**ASSIGNMENT**
Locate "さらに、北電技術コンサルタン" in the records below, then copy its line and every following line exactly, without the pictures.

**ENTRIES SHOWN**

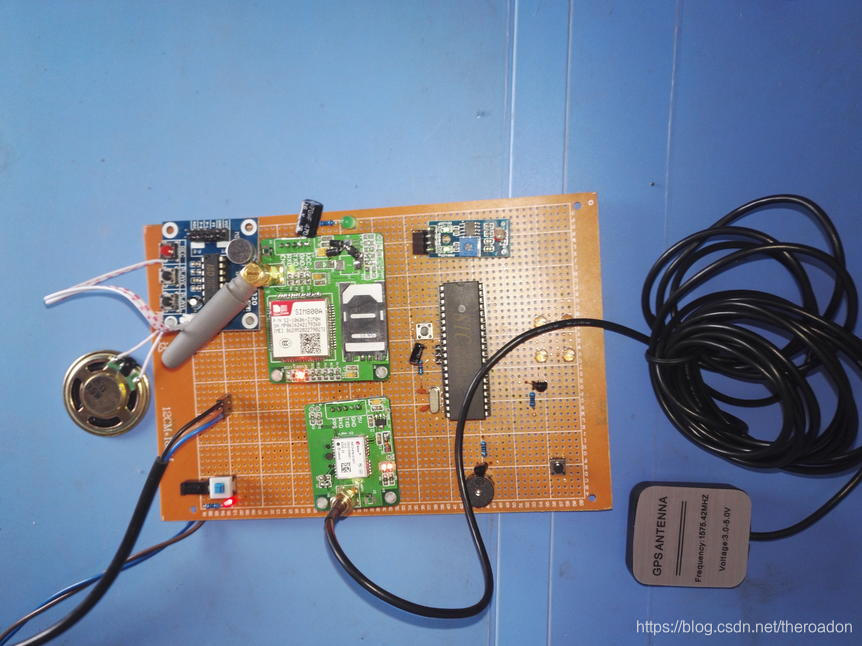 4、通过GPS模块实现经纬度检测,通过短信模块SIM900A实现短信发送,手机发送短信给设备:JW。设备回发给手机经纬度信息。
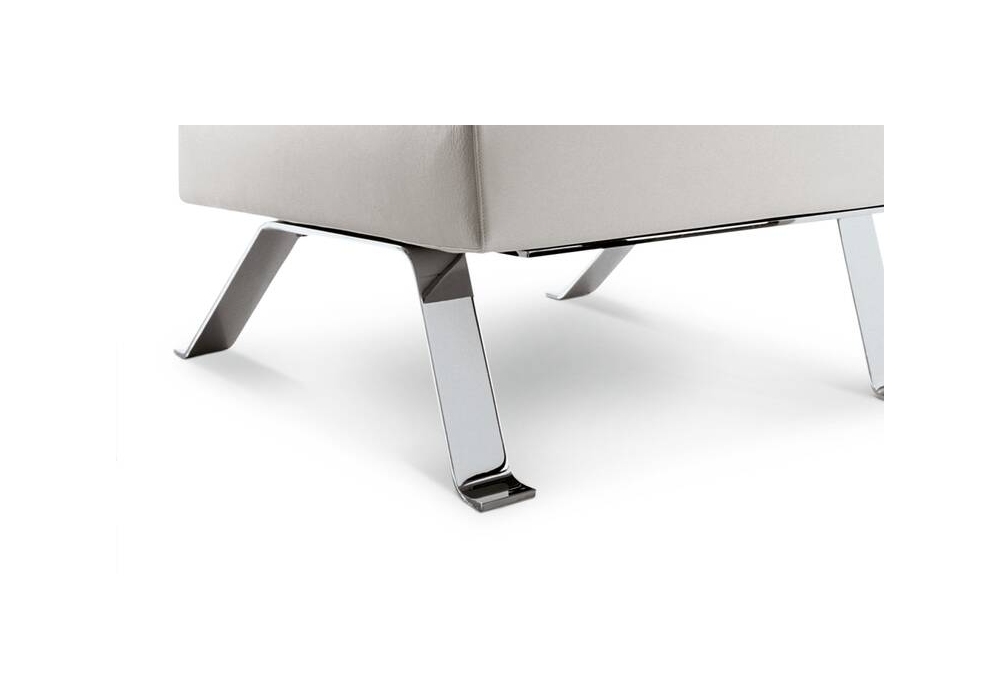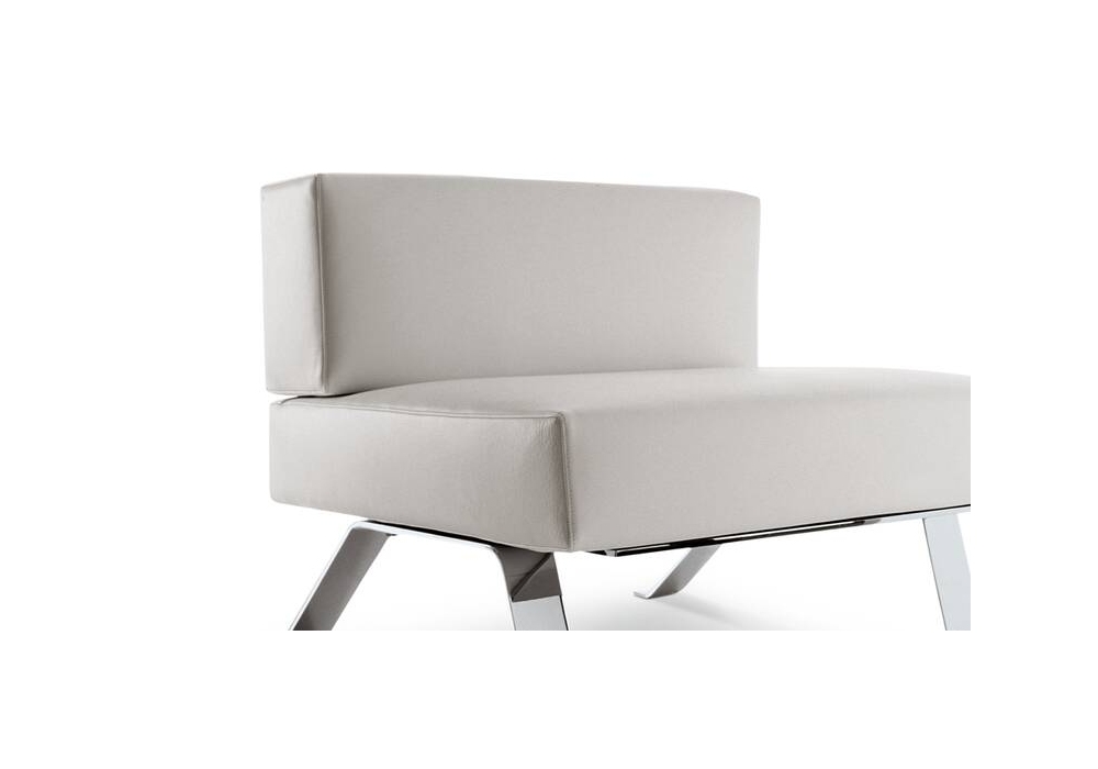 512 Ombra conçu par Charlotte Perriand pour Cassina est un fauteuil avec une structure en acier plat et une finition chromée polie. Il est rembourré de mousse polyuréthane et de ouate de polyester, et revêtu de tissu ou de cuir.
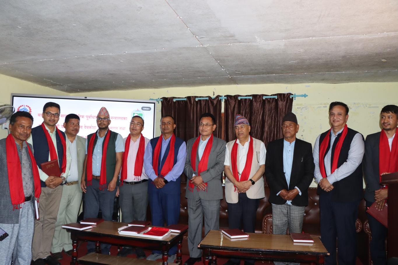 आज मिति २०८३।०१।०८ गतेका दिन बागमती प्रदेश सरकार,भौतिक पूर्वाधार विकास मन्त्रालयका माननीय मन्त्री डा.दिनेशचन्द्र देवकोटा ज्यूको स्वागत तथा अन्तरक्रिया कार्यक्रम घ्याङलेख गाउँपालिकाका अध्यक्ष श्री जगत बहादुर भोलन ज्यूको अध्यक्षतामा सम्पन्न भएको छ । कार्यक्रममा बागमति प्रदेश सरकारका माननीय श्री गंगा नारायण श्रेष्ठ,माननीय श्री मातृका प्रसाद भट्टराई,बागमती प्रदेश सरकार भौतिक पूर्वाधार विकास मन्त्रालयका सचिव श्री ईश्वरचन्द्र मरहट्टा,बिभिन्न पार्टिका प्रतिनिधिहरु,सिन्धुली जिल्लाका बिभिन्न कार्यालयका कार्यालय प्रमुखहरु,घ्याङलेख गाउँपालिकाका जनप्रतिनिधि एवं कर्मचारीहरु,स्थानीय वुद्धिजीवीहरु लगायतक
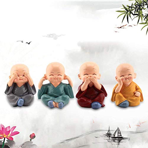 HEALLILY 4 Piezas Pequeño Monje Bebé Estatuas de Buda Figuras Miniaturas Coche Salpicadero Decoraciones Adornos de Jardín de Hadas Estilo Mixto
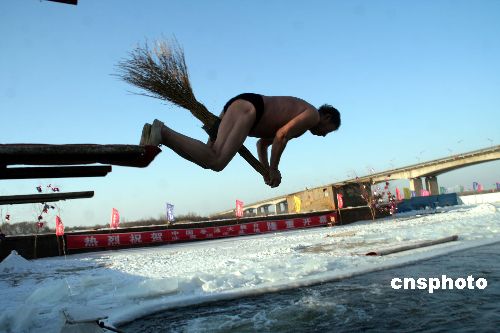 1月15日下午在哈爾濱公路大橋冬泳浴場,國內外游客激情觀看冬泳。冬泳愛好者用各種姿勢做跳水表演,引來游客的歡呼聲,冬泳運動員不怕今天零下20多度的嚴寒,為讓游客滿意就是再冷也要多游兩次,好讓游客高興而來盡興而走。中新社發 姚庭山 攝
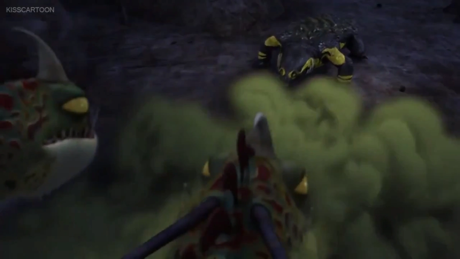 Going deeper into the caverns, Snotlout starts having second thoughts about his idea, before being rebuffed by Hookfang as they catch up to the Queen. The Riders try to escape the caverns and used Toothless echolocation ability to navigate. They come across the Cavern Crasher, but they fail to catch the creature with bolas, and it retaliates by spraying flammable mucus all over them. The Twins try to go for the beast, but the flammable mucus they're covered with explodes when they try to blow up the dragon, causing the Twins and their dragon to crash. They try to avoid the beast's fire blasts as they're even more vulnerable with the mucus covering them.
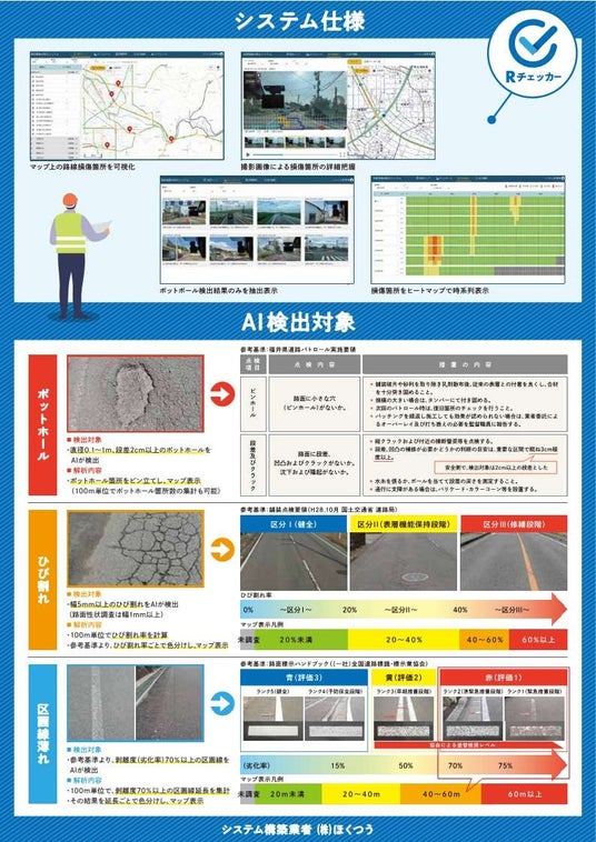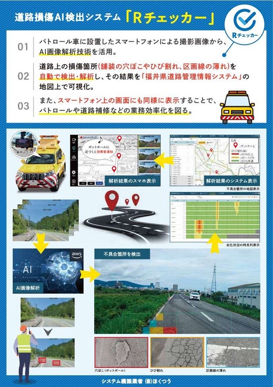 さらに、北電技術コンサルタント株式会社(北陸電力グループ)と連携し、スマートフォンを活用した道路損傷AI検出システム(Rチェッカー)の開発も推進しています。
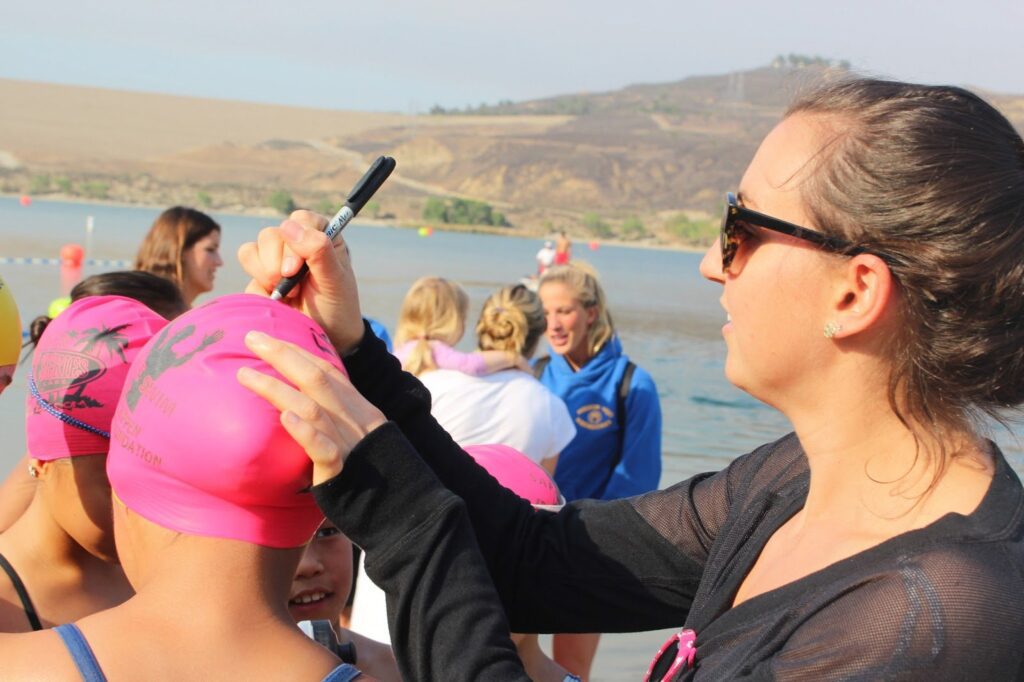 Soon she was surrounded by young swimmers who eagerly asked for autographs and posed for photos. With the gracious smile of a personable Olympian, Soni accommodated everyone and signed their swim caps and skins.

**EXERCISE ANSWER**
 さらに、北電技術コンサルタント株式会社(北陸電力グループ)と連携し、スマートフォンを活用した道路損傷AI検出システム(Rチェッカー)の開発も推進しています。
 Soon she was surrounded by young swimmers who eagerly asked for autographs and posed for photos. With the gracious smile of a personable Olympian, Soni accommodated everyone and signed their swim caps and skins.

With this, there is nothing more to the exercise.